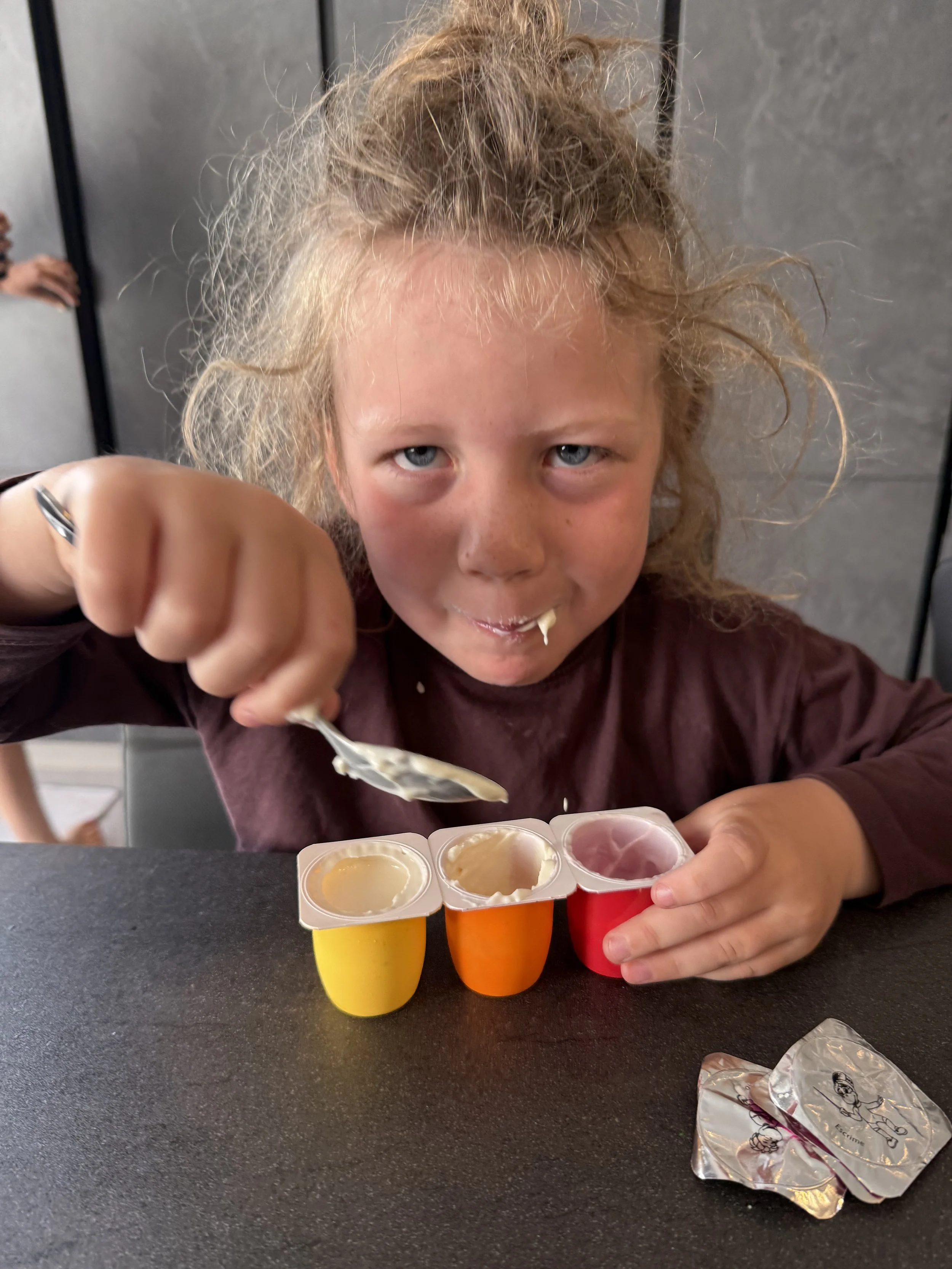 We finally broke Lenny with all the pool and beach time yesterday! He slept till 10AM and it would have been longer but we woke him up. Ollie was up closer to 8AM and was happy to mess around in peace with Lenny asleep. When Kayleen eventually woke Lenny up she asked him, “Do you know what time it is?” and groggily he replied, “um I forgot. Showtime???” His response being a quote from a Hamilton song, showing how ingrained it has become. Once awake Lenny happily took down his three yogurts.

________________________________________

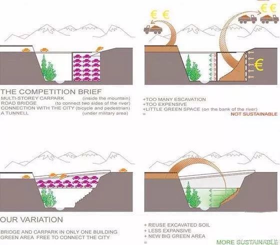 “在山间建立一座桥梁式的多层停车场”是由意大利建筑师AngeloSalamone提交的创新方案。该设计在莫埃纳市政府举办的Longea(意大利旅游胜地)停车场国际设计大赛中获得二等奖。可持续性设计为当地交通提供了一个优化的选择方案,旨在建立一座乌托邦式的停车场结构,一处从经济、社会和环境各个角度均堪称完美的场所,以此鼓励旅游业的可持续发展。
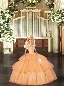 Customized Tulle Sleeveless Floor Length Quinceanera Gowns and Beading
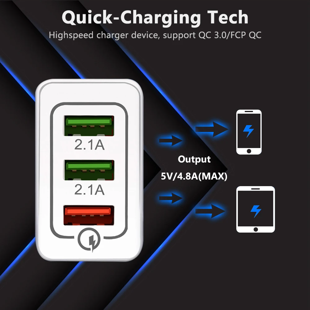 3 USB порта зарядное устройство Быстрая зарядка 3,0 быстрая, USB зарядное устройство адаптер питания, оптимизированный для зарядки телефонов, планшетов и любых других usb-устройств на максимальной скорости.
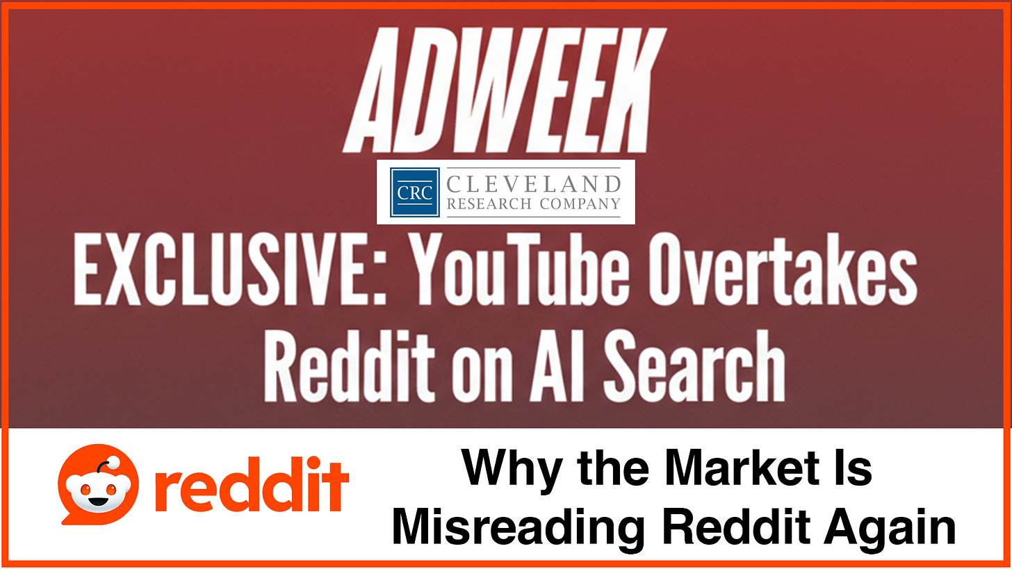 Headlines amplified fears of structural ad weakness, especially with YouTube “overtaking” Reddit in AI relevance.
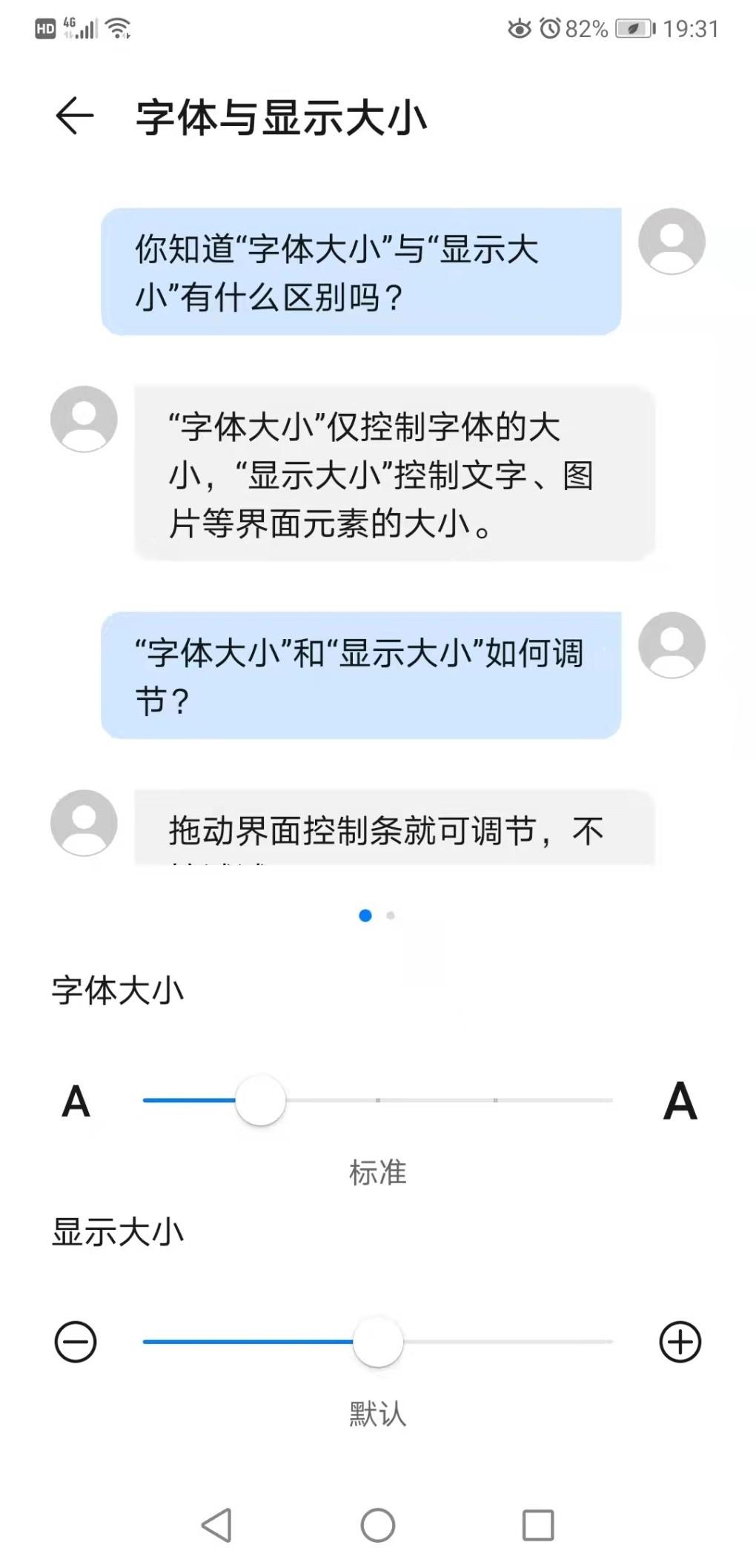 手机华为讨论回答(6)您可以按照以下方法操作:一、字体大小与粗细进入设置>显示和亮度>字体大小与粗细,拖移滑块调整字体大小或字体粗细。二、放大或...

________________________________________

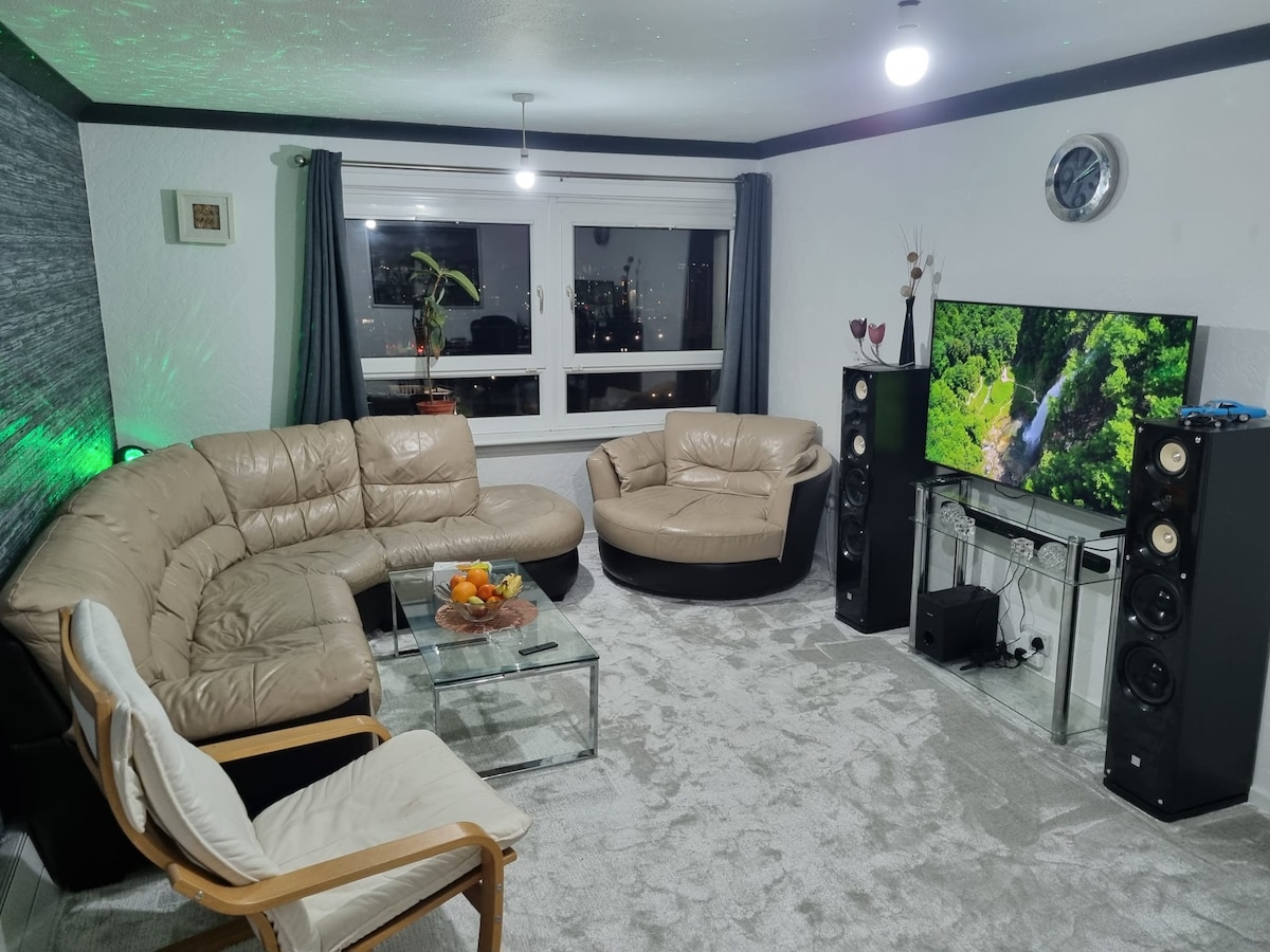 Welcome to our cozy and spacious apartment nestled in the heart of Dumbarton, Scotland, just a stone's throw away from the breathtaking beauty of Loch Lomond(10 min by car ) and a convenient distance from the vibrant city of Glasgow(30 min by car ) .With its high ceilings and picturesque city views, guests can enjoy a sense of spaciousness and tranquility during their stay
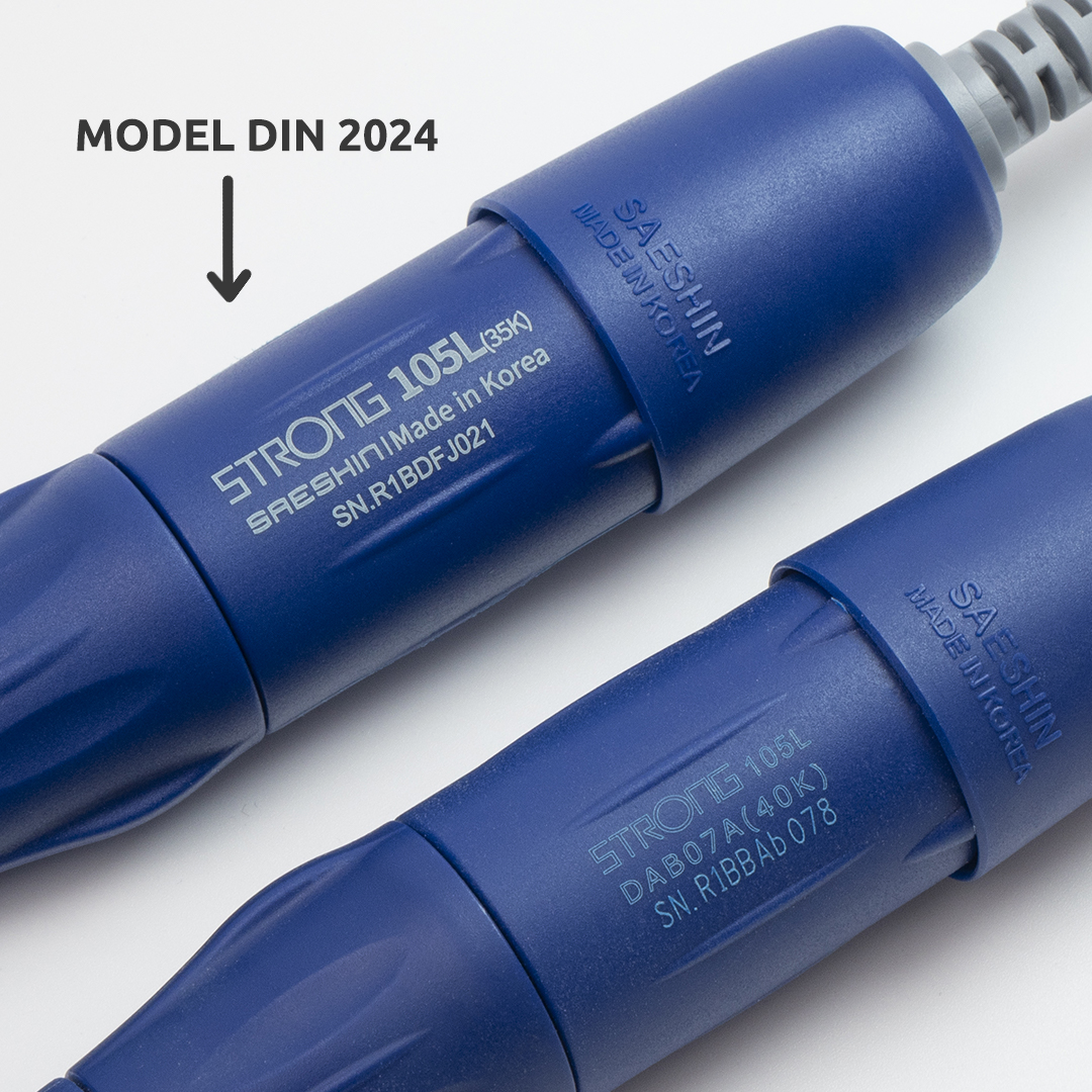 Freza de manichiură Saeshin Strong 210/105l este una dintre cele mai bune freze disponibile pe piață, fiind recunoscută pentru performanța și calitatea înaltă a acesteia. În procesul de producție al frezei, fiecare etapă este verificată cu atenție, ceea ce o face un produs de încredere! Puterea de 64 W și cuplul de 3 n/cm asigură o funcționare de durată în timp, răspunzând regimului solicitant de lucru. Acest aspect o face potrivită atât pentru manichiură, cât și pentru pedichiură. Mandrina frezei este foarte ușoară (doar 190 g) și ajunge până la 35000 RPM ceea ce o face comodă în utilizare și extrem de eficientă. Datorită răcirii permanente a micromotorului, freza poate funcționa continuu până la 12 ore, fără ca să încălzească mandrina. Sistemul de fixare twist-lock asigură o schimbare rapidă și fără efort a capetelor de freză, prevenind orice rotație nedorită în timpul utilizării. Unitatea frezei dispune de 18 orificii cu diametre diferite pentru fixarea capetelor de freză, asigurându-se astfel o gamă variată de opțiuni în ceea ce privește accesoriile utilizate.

________________________________________

Task prompt: The lines above starting at the one that holds "Headlines amplified fears" and ending at the one that holds "手机华为讨论回答(6)您可以" are to be written out exactly, ends included, and no pictures are to be copied.

Written solution:
 Headlines amplified fears of structural ad weakness, especially with YouTube “overtaking” Reddit in AI relevance.
 手机华为讨论回答(6)您可以按照以下方法操作:一、字体大小与粗细进入设置>显示和亮度>字体大小与粗细,拖移滑块调整字体大小或字体粗细。二、放大或...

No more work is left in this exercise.